One of the best parts of Netatmo indoor cameras is their ability to recognize family and ignore them or ignore strangers in your home and warn you. Unfortunately the cameras had a vulnerability which allowed an attacker to access your entire network. The good news is that the vulnerability was difficult to exploit. The best news is the Netatmo problem already fixed.
The purpose of Netatmo’s cameras is to provide security. This further aggravates that a hacker could potentially use one to violate your network. That’s what Bitdefender discovered when he investigated the cameras.
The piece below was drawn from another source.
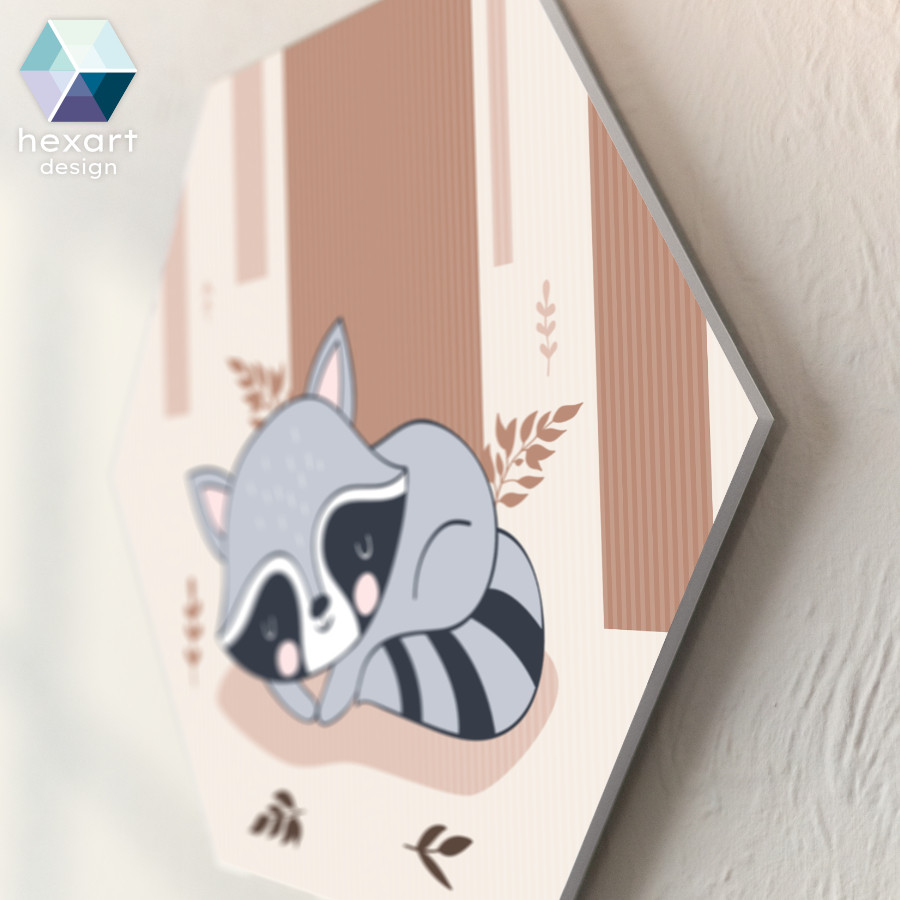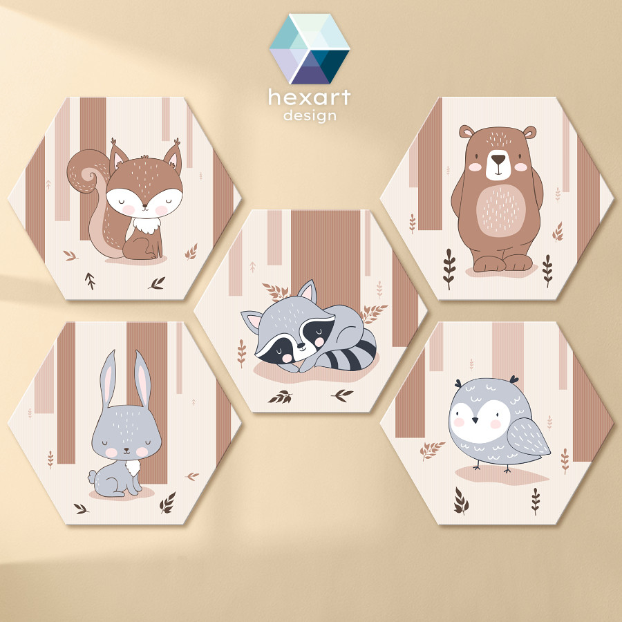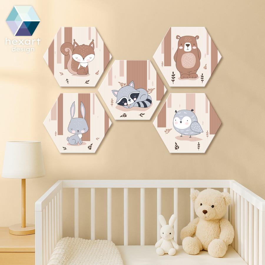 Dobd fel a babaszoba hangulatát ezzel az 5 darabos, hatszög formájú fali dekoráció szettel! A kedves mókus, mosómedve, nyuszi, medve és bagoly egységes barna háttéren, visszafogott, letisztult színvilágban jelennek meg. Az erdei állatok barátságos, harmonikus kisugárzása meghitt hangulatot teremt, amely bármilyen berendezéshez illik. Ideális választás, ha természetközeli és szeretetteljes légkört álmodsz kisbabád szobájába.

As PCMag explains, in a joint venture with Bitdefender, a hacker could potentially take control of your camera and execute the code of their choice.
With this ability, the wrong actor could then do almost anything they wanted on your network.
As Bitdefender explained:
Bitdefender IoT vulnerability research team discovered that device is sensitive to authenticated file writing leading to command execution (CVE-2019-17101), as well as elevation of privileges via dirtyc0w – a local privilege escalation bug that exploits a race condition in the implementation of the copy-on-write mechanism in the kernel memory management subsystem.
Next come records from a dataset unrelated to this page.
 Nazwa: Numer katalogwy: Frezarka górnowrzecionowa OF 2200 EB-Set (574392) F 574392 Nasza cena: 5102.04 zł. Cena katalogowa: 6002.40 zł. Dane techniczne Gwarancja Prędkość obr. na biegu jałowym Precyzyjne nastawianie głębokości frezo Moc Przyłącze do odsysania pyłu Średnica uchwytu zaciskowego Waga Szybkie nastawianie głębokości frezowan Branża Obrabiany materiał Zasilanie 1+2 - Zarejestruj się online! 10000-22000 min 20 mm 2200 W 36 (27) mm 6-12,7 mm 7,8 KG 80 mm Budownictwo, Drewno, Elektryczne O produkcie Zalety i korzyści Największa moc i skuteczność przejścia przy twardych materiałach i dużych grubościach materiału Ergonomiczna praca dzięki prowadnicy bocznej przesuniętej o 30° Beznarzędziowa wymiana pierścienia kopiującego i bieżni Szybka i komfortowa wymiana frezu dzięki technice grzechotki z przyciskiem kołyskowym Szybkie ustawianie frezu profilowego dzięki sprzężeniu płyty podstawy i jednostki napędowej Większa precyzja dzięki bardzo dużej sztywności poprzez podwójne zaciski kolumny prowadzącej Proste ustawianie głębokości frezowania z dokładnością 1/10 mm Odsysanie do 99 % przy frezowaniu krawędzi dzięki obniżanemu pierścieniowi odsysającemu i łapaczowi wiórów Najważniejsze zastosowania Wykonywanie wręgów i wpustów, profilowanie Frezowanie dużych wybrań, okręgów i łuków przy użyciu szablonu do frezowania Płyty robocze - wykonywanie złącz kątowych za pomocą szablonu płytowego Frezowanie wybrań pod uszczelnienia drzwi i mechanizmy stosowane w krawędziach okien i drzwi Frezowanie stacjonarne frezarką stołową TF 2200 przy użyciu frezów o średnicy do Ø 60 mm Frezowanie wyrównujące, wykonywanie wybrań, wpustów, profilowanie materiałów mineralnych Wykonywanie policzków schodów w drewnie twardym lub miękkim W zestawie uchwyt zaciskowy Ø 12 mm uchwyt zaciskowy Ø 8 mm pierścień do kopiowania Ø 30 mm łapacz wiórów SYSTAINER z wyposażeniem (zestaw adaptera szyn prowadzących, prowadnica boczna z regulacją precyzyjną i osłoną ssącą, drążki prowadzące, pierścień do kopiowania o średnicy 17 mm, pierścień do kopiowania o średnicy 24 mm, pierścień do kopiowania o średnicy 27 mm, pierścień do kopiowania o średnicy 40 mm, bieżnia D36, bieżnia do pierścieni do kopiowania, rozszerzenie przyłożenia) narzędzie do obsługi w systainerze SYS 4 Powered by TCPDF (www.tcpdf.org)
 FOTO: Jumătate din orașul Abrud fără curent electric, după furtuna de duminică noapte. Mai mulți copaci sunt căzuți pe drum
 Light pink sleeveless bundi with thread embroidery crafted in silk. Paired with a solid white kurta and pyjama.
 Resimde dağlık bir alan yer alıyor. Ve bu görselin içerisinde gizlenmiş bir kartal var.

But exploiting the vulnerability would not have been easy. The hacker needed local access to your camera and to know your login credentials. Breaking into your home and stealing your username and password is no easy task, the most likely scenario seems to be someone you know who decides to break into your network.
Bitdefender pointed out that the vulnerability could have legitimate use. With access to your own camera and your credentials, you can use this method to jailbreak your device. But the security site went on to say that jailbreak scenarios are still vulnerabilities that hackers can exploit.
Fortunately, Bitdefender practiced responsible disclosure and gave Netatmo 90 days to resolve the issue before releasing the information. Netatmo also responded responsibly. He recognized the problem within three days of receiving the report, then turned around and released a patch in less than a month.
As long as security and smart home devices exist, so will vulnerabilities. The important thing is to know how a company reacts to disclosures of vulnerabilities, and Netatmo has done well in this case. If you have a Netatmo indoor camera, you don’t have to do anything. The camera company corrected all of the affected ones.